Consider the ODE for $w:\mathbb{C}\to \mathbb{C}$ \begin{align} w''=2w^3+Aw+B &&(1) \end{align} We can multiply it by $w'$ and then integrate to get \begin{align} w'^2=w^4+Aw^2+2Bw+C &&(2) \end{align} ($A,B,C$ are complex constants)
My question is how would one then integrate (2) - i.e. obtain an explicit expression for the solution $w$?
In particular, equation (1) is found in `Ordinary Differential Equations' by Ince. It's listed as equation VIII in section 14.316. Ince states that it is "integrable in terms of elliptic functions". Unfortunately, I cannot see how this would be done.

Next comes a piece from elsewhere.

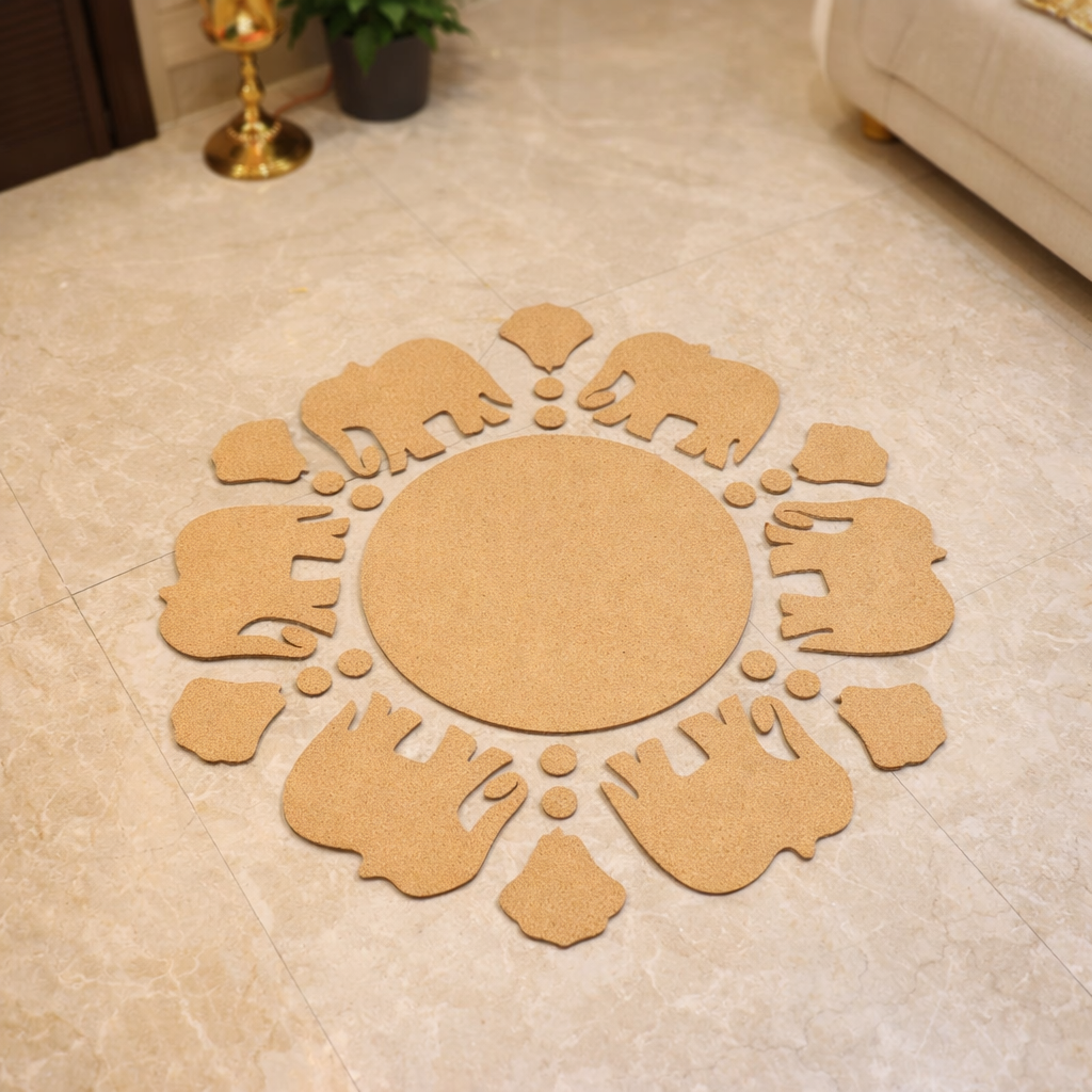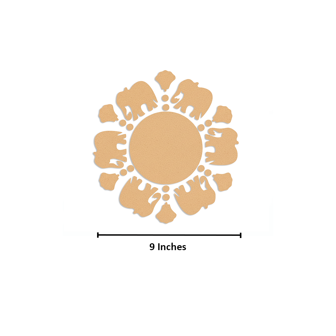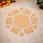 Add a traditional royal vibe to your celebrations with DIY MDF Elephant Rangoli Cutouts for Festive Decor. This unique rangoli cutouts design features a large center circle with elephant motifs arranged around it, creating a bold statement piece for your floor décor. Made from smooth, high-quality MDF with clean-cut edges, it is perfect for acrylic painting and embellishing with kundan, mirror work, pearls, glitter, or decoupage. Ideal for Diwali décor, Lakshmi pooja setup, mandir decoration, wedding entrances, mehendi décor, and housewarming events. Easy to arrange, easy to store, and reusable every season—DIY MDF Elephant Rangoli Cutouts for Festive Decor is a perfect pick for craft lovers and festive decorators

As an example of what I'm looking for, in a problem related to the one above, one is able to transform the ODE \begin{align} P'^2-P^4+\lambda P^2+\frac{B^2}{P^2}+2A=0 && (3) \end{align} into the ODE defining the Weierstrass elliptic function $$\wp'^2=4\wp^3-g_2\wp-g_3$$ by taking $$\wp(x):=P(x)^2-\frac{\lambda}{3},$$ where $g_2, g_3$ are constants depending on $A,B,\lambda$. And so the general solution to (3) is $$P(x)=\pm\sqrt{\wp(x)+\frac{\lambda}{3}}$$
The equation is $$(w')^2 = (w - w_0) P(w), \quad \deg P = 3.$$ Let $w = 1/\zeta + w_0$, then $$(\zeta')^2 = \zeta^3 P {\left( \frac 1 \zeta + w_0 \right)} = Q(\zeta), \quad \deg Q = 3.$$ If we eliminate the $\zeta^2$ term with $$\zeta = \frac {4 \wp - \frac 1 3 [\zeta^2] Q(\zeta)} {[\zeta^3] Q(\zeta)}$$ and reduce the coefficients modulo $w_0^4 + A w_0^2 + 2 B w_0 + C$ (treating $w_0$ as a variable), we get $$(\wp')^2 = 4 \wp^3 - \frac {A^2 + 12 C} {12} \wp + \frac {A^3 + 54 B^2 - 36 A C} {216}.$$